In contrast to the previous controversy caused by Angelababy when Chinese consumers questioned the appointment itself, the announcement of Zhao has resulted in criticism beyond the move—another area taking a hit is the design of Dior’s latest collection by the brand’s first female Creative Designer Maria Grazia Chiuri this time around.
Gogoboi, arguably China’s top fashion blogger who has a strong relationship with luxury brands such as Louis Vuitton, Fendi, and Givenchy, published a WeChat article on September 27 that made a joke of Dior’s S/S 2018 styles. In the post, he compared Dior’s newly millennial-inspired design to that of local Chinese womenswear brand Ayilian (阿依莲), a label that is known for its tacky and unfashionable styles among Chinese consumers.
Ayilian's brand image is in total opposition of a high-end fashion brand, not to mention a brand with which Dior would want to be associated. By the time of this publication, Gogoboi’s post was read more than 100,000 times and liked by almost 1,000 users. Many readers cheered for his bravery of calling it out.
“Brands are facing consumers who have bought luxury products over the past years. Hence, you need new product ideas to convince them to part with their money,” said Luca Solca, Head of Luxury Goods Department of the French investment company Exane BNP Paribas, who disagreed with the criticism from China.
“I think Dior is in a better position than it implies here. Maria Grazia Chiuri seems to be starting on the right foot.”
It is an industry consensus that luxury brands must innovate with new products and marketing strategies to engage with the emerging Chinese millennial generation whose purchasing power is growing with each day.
Louis Houdart, Founder and Global Director of the branding agency Creative Capital, believes Dior’s desperate millennial push comes from the brand’s pressure to keep up its high growth in China.
“Everyone has been praising Gucci these past two to three collections, but we need to remember where it is coming from. Gucci has just gone through a turnaround, while for Dior, it is more about getting the music beating.”
“Growth is a must for a [luxury] brand like Dior. They are owned by a listed company, and shareholders and financial analysts need [to see] the growth – which is sometimes opposite to the value of a luxury brand that is supposed to be exclusive.”
“These same financial analysts want to see that the brand will continue to be relevant to younger consumers, and I guess this is where Zhao Liying's lots of fans aged between 15 to 24 are relevant.”
However, the millennial push is fundamentally contrary to Dior’s long-established image that is familiar to the brand’s traditional wealthy Chinese consumers. This is likely to be one main reason why young brand ambassadors like Angelababy and Zhao cannot resonate with their existing fans.
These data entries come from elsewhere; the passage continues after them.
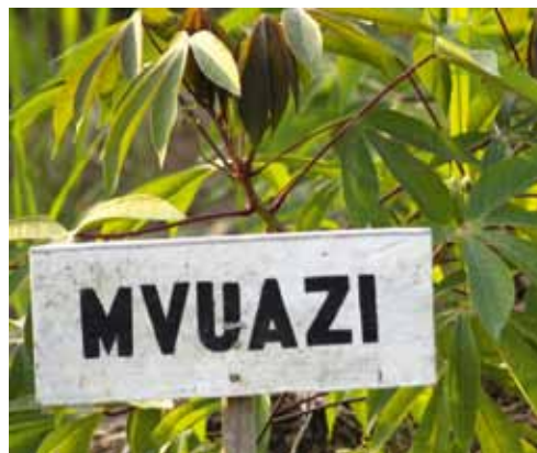
Figure 6: Different varieties of Cassava ( Manihot esculenta )
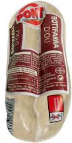
BUTIFARRA D'OU 390G REF. 7331 UXC: 11 UdM: P
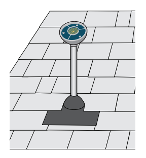
Roof Mounted Ensure water-proof installation with flashing boot or similar method

The sensor should be installed outside on a nominal 1/2" (16 mm) PVC or rigid metal conduit pole either on a roof or to the side of the snow melting surface. The sensor must be located away from trees, building overhangs or other locations that may interfere with falling snow. Avoid installing in locations where the sensor may be vandalized. It is best to point the front face of the sensor in the direction of any prevailing wind.

“I always think Dior is a luxury brand designed for people who are in a transition from girls to women,” wrote a WeChat user named ‘Stella Rice’ under Gogoboi’s post. “The whole millennial push just distorted its DNA.”
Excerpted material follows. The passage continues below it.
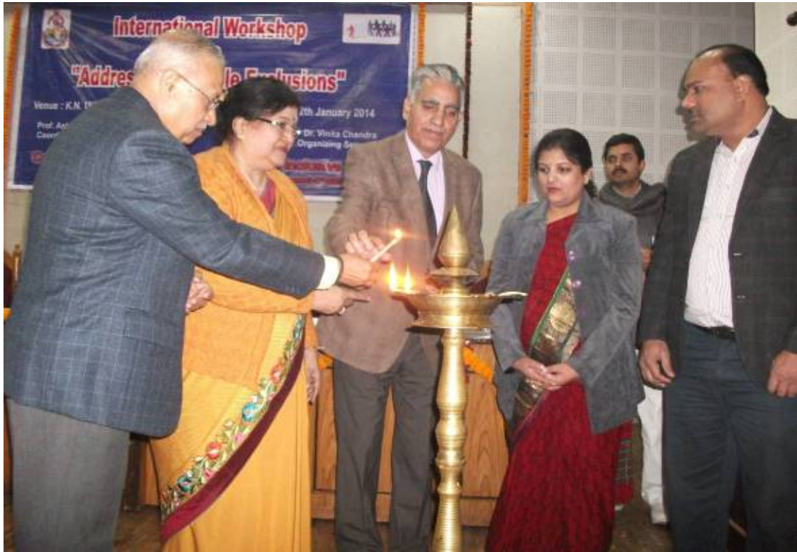
Workshop on 'Addressing Multiple Exclusions' held from 06 th – 12 th January 2014

Furthermore, Dior represents a common problem that most luxury brands have in China, which is trying too hard to cater to the taste of Chinese youth, which leads to a loss in its true identity and compromised authenticity and essence, to some degree. During the process of executing the millennial strategy, Dior diluted its value as an elite luxury brand, making it a label littered with social media backlash that generated from dramatic marketing and branding campaigns.